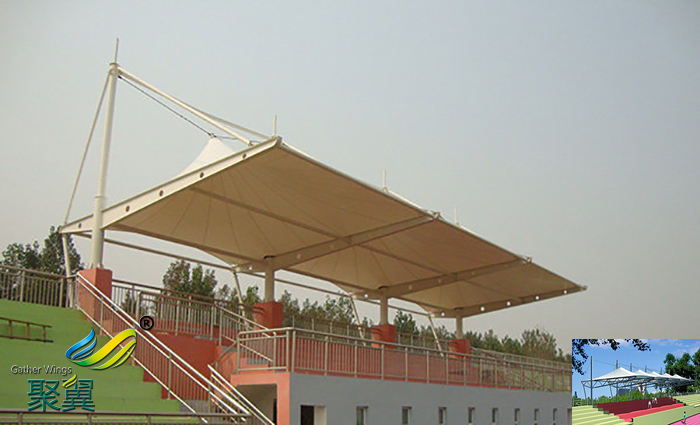 2、膜結(jié)構(gòu)體育看臺具有獨(dú)特的光學(xué)性能:白天入射光線成為自然溫射光,防止眩目,無陰影,光線均勻
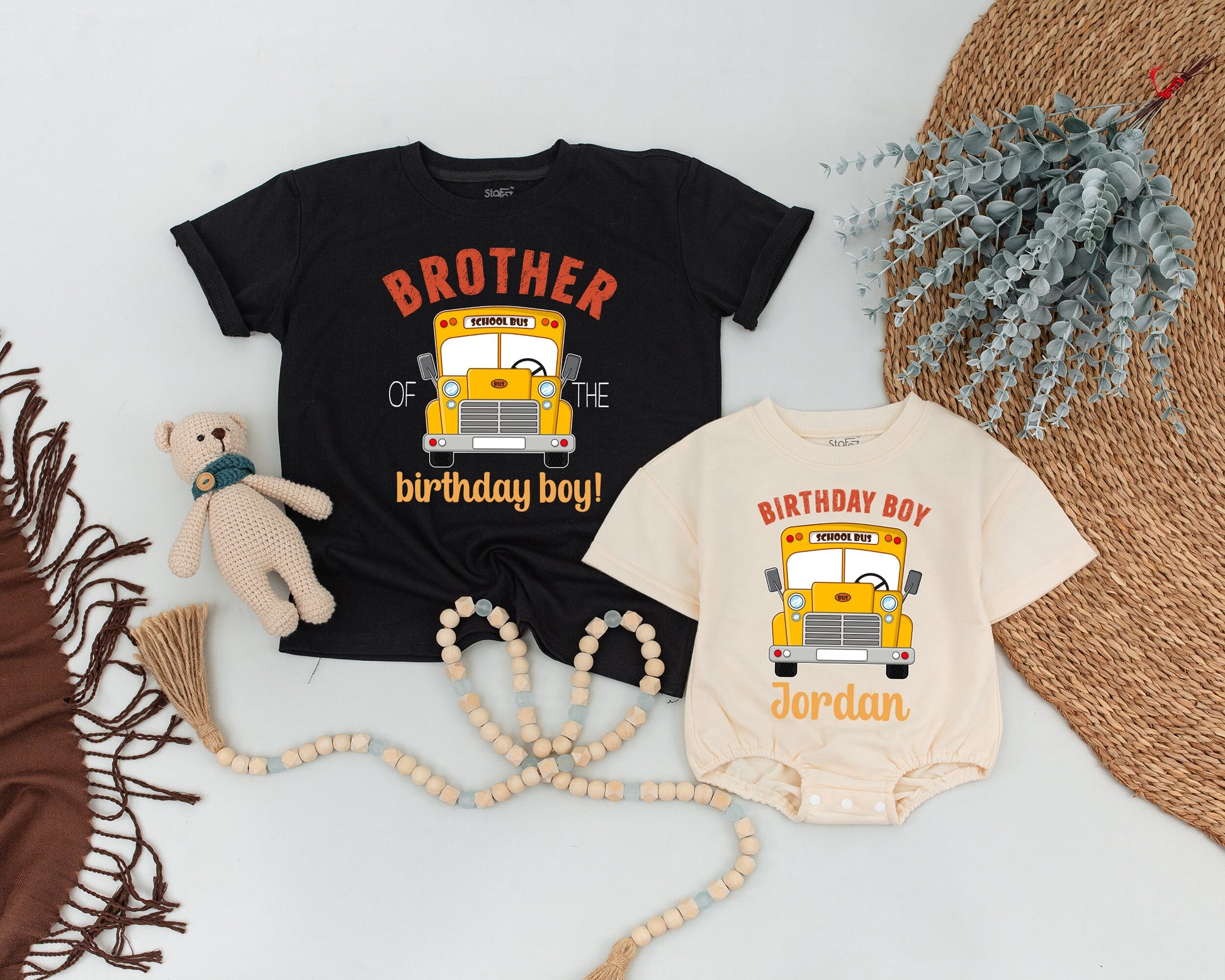 School Bus Birthday Matching Family Shirts Daddy Mommy Baby Birthday Boy Outfit Custom Celebration Fun Ride
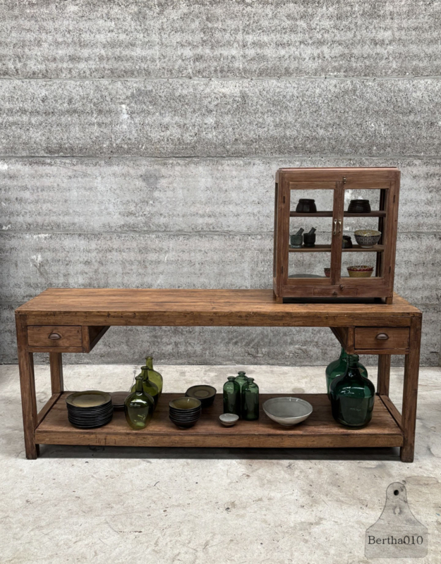 Oude werkbank toonbank keukeneiland 147658 lengte 201 cm verkochtVintage werkbank met lade oude werkbank houten keukeneiland oude houten werkbank met lades werkbank robuust hout antiek houten werkbanken met laden schrijnwerkersbank oude werkbank keukeneiland vintage werkbank antiek keukeneiland
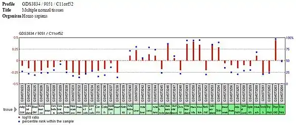 C11orf52 is highly expressed in the thyroid, thalmus, pituitary, placenta, and prostate, kidney, heart, and skeletal muscles.[7] However, in estrogen receptor alpha-silenced MCF-7 breast cancer cells, it is expressed at an extremely low level compared to control tissues.[8]
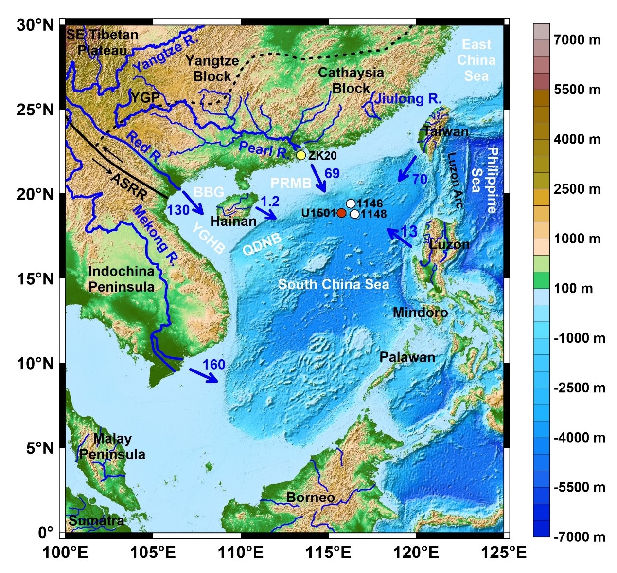 研究人员通过南海北部的陆源碎屑沉积记录约束了过去3500万年以来研究区沉积物物源演化,揭示类似现代规模的珠江流域形成于约三千万年前,源于青藏高原东南部隆升和中国东部地形倒转。
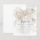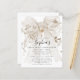 White watercolor coquette bow is decorated with roses and sage green greenery. A gold cross is placed above the text. Your daughter's name is written in a beautiful calligraphy script. All text is editable.
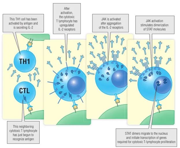 大多数常见的细胞因子受体在完全静止的细胞中不会大量表达,而是在细胞被激活后表达才上调,例如T细胞通过T细胞受体激活,细胞受体表达上调。它们通常分布在细胞表面。当细胞因子与其受体结合时,会导致受体在细胞表面聚集。Janus激酶(JAKs),一种酪氨酸激酶,通常与细胞因子受体的胞浆部分相关,当JAKs散布在细胞时,仍然处于不活跃状态。而当受体通过细胞因子结合在一起时,JAK酶被激活,然后它们共同磷酸化几种信号转导和转录激活因子(STATs)中的一种。一旦STAT分子被磷酸化,它们就会形成二聚体,迁移到细胞核,并激活特定基因的转录。有多种JAK和STAT分子。例如,当IL-2与激活的T细胞表面的受体结合时,它会激活JAK5、STAT1和STAT3。当这些分子迁移到细胞核时,它们会激活启动T细胞增殖的基因。

....................

[What is required] Give every entry above again, exactly, and keep all pictures out of it.

[Response area]
 2、膜結(jié)構(gòu)體育看臺具有獨(dú)特的光學(xué)性能:白天入射光線成為自然溫射光,防止眩目,無陰影,光線均勻
 School Bus Birthday Matching Family Shirts Daddy Mommy Baby Birthday Boy Outfit Custom Celebration Fun Ride
 Oude werkbank toonbank keukeneiland 147658 lengte 201 cm verkochtVintage werkbank met lade oude werkbank houten keukeneiland oude houten werkbank met lades werkbank robuust hout antiek houten werkbanken met laden schrijnwerkersbank oude werkbank keukeneiland vintage werkbank antiek keukeneiland
 C11orf52 is highly expressed in the thyroid, thalmus, pituitary, placenta, and prostate, kidney, heart, and skeletal muscles.[7] However, in estrogen receptor alpha-silenced MCF-7 breast cancer cells, it is expressed at an extremely low level compared to control tissues.[8]
 研究人员通过南海北部的陆源碎屑沉积记录约束了过去3500万年以来研究区沉积物物源演化,揭示类似现代规模的珠江流域形成于约三千万年前,源于青藏高原东南部隆升和中国东部地形倒转。
 White watercolor coquette bow is decorated with roses and sage green greenery. A gold cross is placed above the text. Your daughter's name is written in a beautiful calligraphy script. All text is editable.
 大多数常见的细胞因子受体在完全静止的细胞中不会大量表达,而是在细胞被激活后表达才上调,例如T细胞通过T细胞受体激活,细胞受体表达上调。它们通常分布在细胞表面。当细胞因子与其受体结合时,会导致受体在细胞表面聚集。Janus激酶(JAKs),一种酪氨酸激酶,通常与细胞因子受体的胞浆部分相关,当JAKs散布在细胞时,仍然处于不活跃状态。而当受体通过细胞因子结合在一起时,JAK酶被激活,然后它们共同磷酸化几种信号转导和转录激活因子(STATs)中的一种。一旦STAT分子被磷酸化,它们就会形成二聚体,迁移到细胞核,并激活特定基因的转录。有多种JAK和STAT分子。例如,当IL-2与激活的T细胞表面的受体结合时,它会激活JAK5、STAT1和STAT3。当这些分子迁移到细胞核时,它们会激活启动T细胞增殖的基因。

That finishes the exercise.